FDA's Priority Review Voucher Program is Broken | Pharmaguy's Insights Into Drug Industry News | Scoop.it

There isn’t much profit in drugs or vaccines targeting rare diseases, especially when those rare diseases afflict people who don’t have a lot of money.


Since 2007, the US government has attempted to draw companies into this sparsely occupied space by creating an incentive program. Manufacturers who license products for specified “neglected” diseases are granted the right to an expedited Food and Drug Administration review when they want to bring another product to market.

It seems like a good idea — and may still be. But a number of groups that supported the program aren’t happy with how it is playing out so far.


The program is called the Priority Review Voucher Program for Neglected Diseases. When it was created, it covered specific diseases — among them, leprosy, malaria, and schistosomiasis and onchocerciasis, known as river blindness.


The vouchers don’t have to be used by the companies that earn them; they can be sold. Originally they could only be sold once. Last year that rule was changed and now a company that buys a voucher can resell it at a later date.


David Ridley and some colleagues at Duke University’s Fuqua Business School dreamed up the priority vouchers scheme — they published an articleproposing it in Health Affairs in 2006. Ridley always hoped the vouchers would earn big money for companies that receive them. And they have.


The first sold for $67.5 million. The next went for almost double that, $125 million. Then $245 million. In August, United Therapeutics sold a priority review voucher to Abbvie for $350 million. The others remain unused and if they have been sold, it hasn’t yet been disclosed.


But more vouchers mean there are more drugs for neglected diseases, right?
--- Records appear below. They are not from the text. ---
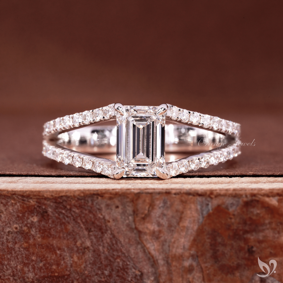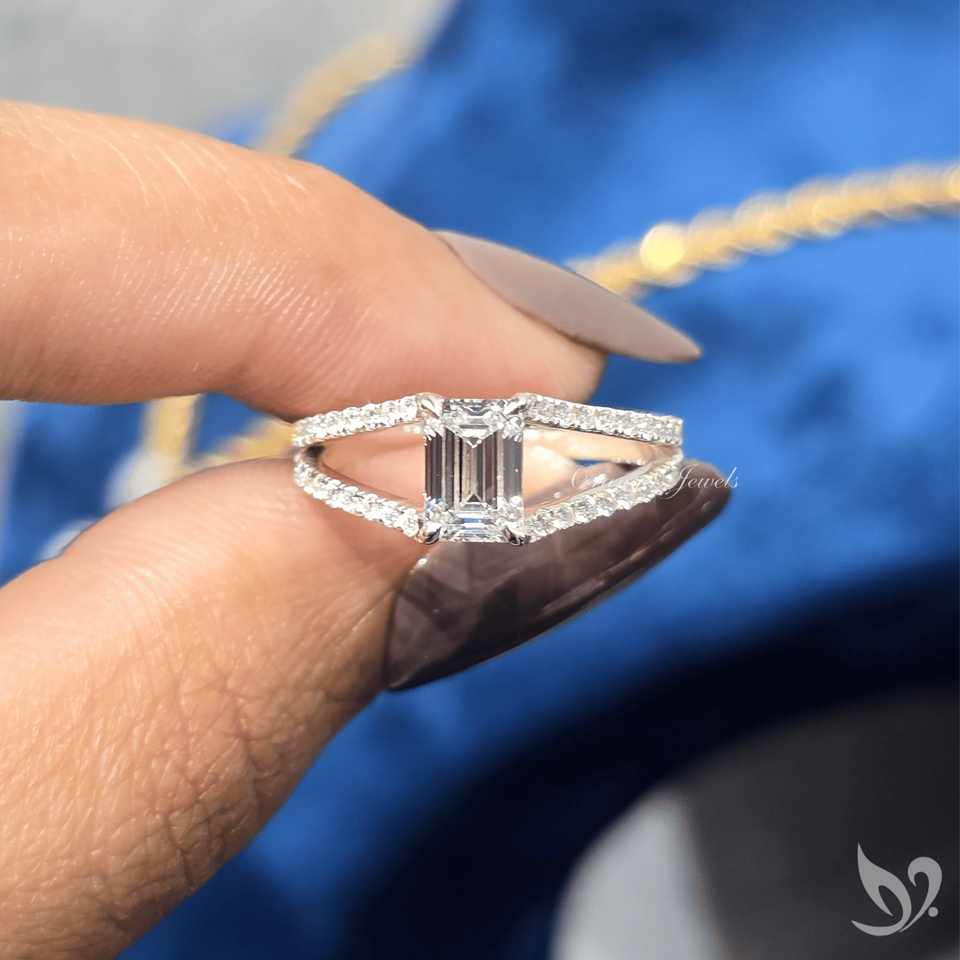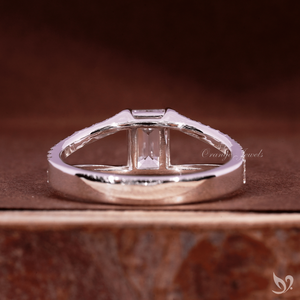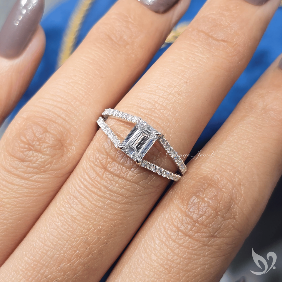 แหวนเพชรทรงเหลี่ยมมรกต 1 กะรัต ดีไซน์หรูหรา ประดับเพชรเม็ดเล็กๆ ด้วยเทคนิคไมโครเพฟ ทองคำขาว 10K รับรองโดย IGI เหมาะสำหรับเป็นแหวนหมั้นหรือแหวนครบรอบ
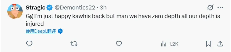 -gg,我只是很高興卡哇伊回來(lái)了,但天啊,我們陣容深度為零,所有替補都受傷了
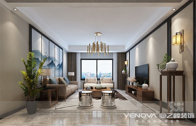 小区:融创天朗珑府 面积:139㎡ 户型:三居 风格:新中式风格

Not really. And that’s the problem.


Some of the vouchers have been awarded to drugs that have been on the market in other parts of the world for years, but have just been put through the licensure process in the United States. In fact, the first voucher was awarded to Novartis in 2009 for a combination malaria drug that had been licensed outside the US since 2001 and was already widely in use.


“This was not in any way an actual new treatment,” said Rachel Cohen, regional executive director for the North American division of the Drugs For Neglected Diseases Initiative. She noted the Rare Pediatric Diseases program does require that a treatment is novel in order to earn a voucher.


Another problem: Drug makers that earn priority review vouchers don’t have to guarantee that the drugs will actually be available, or sold at an affordable price. Janssen was awarded a voucher for Sirturo, used to treat multidrug resistant tuberculosis. Cohen said the drug is prohibitively priced in many parts of the world.